Recorded information:
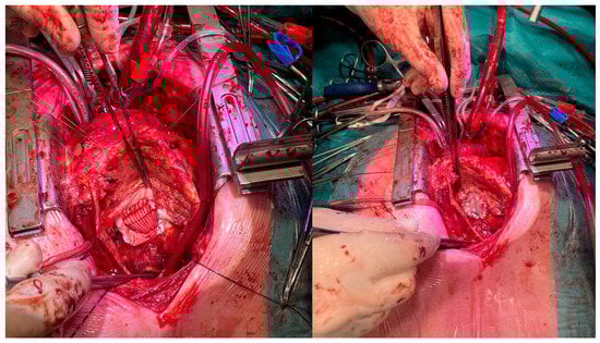The patient was scheduled dated 18 March 2024 for urgent surgery. After median resternotomy, cardiopulmonary bypass was installed using central aortic cannulation and right femoral vein and superior caval vein canulation; the inferior vena cava was inaccessible due to the pseudoaneurysm. After dissecting the heart, the aneurysm was opened at arrested heart. After debridement and removal of the dehiscent patch material, the neck of the aneurysm in the inferior wall could be visualized and reconstructed using a Dacron patch (3 × 4 cm), which was subsequently covered with a large xenopericardial patch for hemostatic purposes, as seen in Figure 4. No histological examination of the resected pseudoaneurysm was conducted, as it was not deemed necessary for clinical decision-making. Additionally, a restrictive mitral annuloplasty using an Edwards Physio ring (size 28, downsized by 2 ring sizes) and TVP (using a size 30 Edwards Physio Tricuspid annuloplasty ring) was performed.
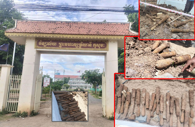 ក្រចេះ ៖ គណៈគ្រប់គ្រងវិទ្យាល័យព្រះមហាក្សត្រិយានី កុសុមៈ ស្ថិតក្នុងក្រុងក្រចេះ បានហៅក្រុមជាងមក ជួសជុលអគារសិក្សា និងចាក់សាប ស្រាប់តែពេលក្រុមជាងកាយដី ប្រទះឃើញគ្រាប់យុទ្ធភណ្ឌមិនទាន់ផ្ទុះ ជាច្រើនគ្រាប់ ទើបលោកនាយកវិទ្យាល័យ ប្រញាប់រាយការណ៍ទៅសមត្ថកិច្ច និងមន្ត្រីជំនាញស៊ីម៉ាក់ ចុះមក ដោះយក ស្រាប់តែប្រទះឃើញគ្រាប់ដល់ទៅជាង២០០០គ្រាប់។
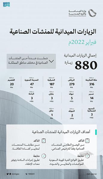 واصلت وزارة الصناعة والثروة المعدنية ممثلةً في إدارة المتابعة والرقابة الصناعية جهود المتابعة والإشراف على المصانع في المملكة، منفّذة 880 زيارة ميدانية على المنشآت الصناعية خلال شهر فبراير الماضي؛ للتأكد من التزامها بمعايير الجودة والاشتراطات اللازمة.
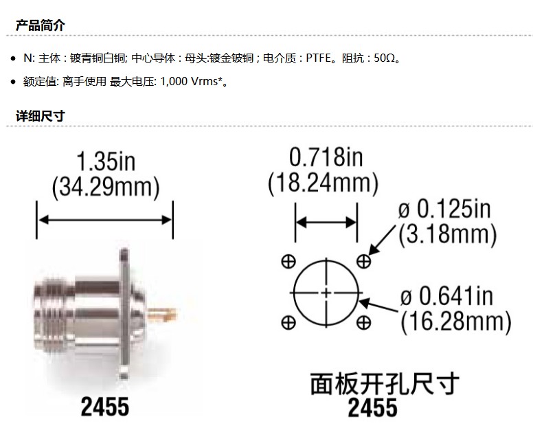商品名称:Pomona N型面板安装插座,2455

Problem:
Beginning with the line containing "ក្រចេះ ៖ គណៈគ្រប់គ្រងវិទ្យាល័យព្រះមហាក្សត្រិយានី" and ending with the last line of the data, output those lines exactly and nothing more. Omit every picture.

Response:
 ក្រចេះ ៖ គណៈគ្រប់គ្រងវិទ្យាល័យព្រះមហាក្សត្រិយានី កុសុមៈ ស្ថិតក្នុងក្រុងក្រចេះ បានហៅក្រុមជាងមក ជួសជុលអគារសិក្សា និងចាក់សាប ស្រាប់តែពេលក្រុមជាងកាយដី ប្រទះឃើញគ្រាប់យុទ្ធភណ្ឌមិនទាន់ផ្ទុះ ជាច្រើនគ្រាប់ ទើបលោកនាយកវិទ្យាល័យ ប្រញាប់រាយការណ៍ទៅសមត្ថកិច្ច និងមន្ត្រីជំនាញស៊ីម៉ាក់ ចុះមក ដោះយក ស្រាប់តែប្រទះឃើញគ្រាប់ដល់ទៅជាង២០០០គ្រាប់។
 واصلت وزارة الصناعة والثروة المعدنية ممثلةً في إدارة المتابعة والرقابة الصناعية جهود المتابعة والإشراف على المصانع في المملكة، منفّذة 880 زيارة ميدانية على المنشآت الصناعية خلال شهر فبراير الماضي؛ للتأكد من التزامها بمعايير الجودة والاشتراطات اللازمة.
商品名称:Pomona N型面板安装插座,2455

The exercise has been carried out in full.